Supplementary Fig. 3: BF Shifts were accompanied by changes in sound representations.

A, Frequency discrimination ability measured by Euclidean distance between the population vectors of frequency pairs after subtraction of control dissimilarity matrix shown in Fig. 3B. B, Frequency discrimination ability for a given frequency to other frequencies. C, Frequency discrimination ability for a given ΔF as a function of sound frequency.

Supplementary Fig. 4: The BFs remained unchanged during the initial days of sound exposure.

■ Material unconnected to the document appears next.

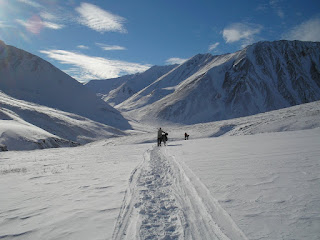 We left Puntilla at 5:00 AM and made it to Rohn just after sunset. We had -9 F and a stiff headwind for a few hours in the dark which subsided as we reached the mouth of the Pass. This section of trail can be one of the most challenging in the McGrath race. In 2006 there was extreme avalanche danger and we were hauled up in a shelter cabin just before the pass with wind chills off the chart and waited out over 24 hours before continuing on over the Pass. In 2005 I rode some on the Puntilla side and all the way to Rohn from Pass Creek and had the most fun downhill ride through the Dalzell Gorge. I have seen Rainy Pass at both ends of the scale of extreme.

A, Average tuning curves, before (solid lines) and after cortical inactivation (dashed lines), at 550 μm for control (blue) and noW exposure (pink) groups during the early days of sound exposure. B, Average BF as a function of recording depths for mice during the early days of sound exposure. C, Average BF as a function of recording depths for mice during the early and late days of sound exposure. D, Average evoked responses to frequencies at 70 dB as a function of recording depth for the predictable (red) and the control (blue) group (linear mixed effect model, for the ventral area, with the group and depth factor: p_group = 0.005, p_depth = 0.007, p_{group, depth} = 0.036. E, Similar to D, for the noW exposure (pink) and the control (blue) group. Modeling with a linear mixed model reveals a significant effect of depth (p < 0.0001), but no effect of group (p = 0.08). F, Difference in BF relative to the average BF of the control group. There is no significant difference between groups (unpaired t-test, p > 0.05).

Data availability

Data will be made available on request.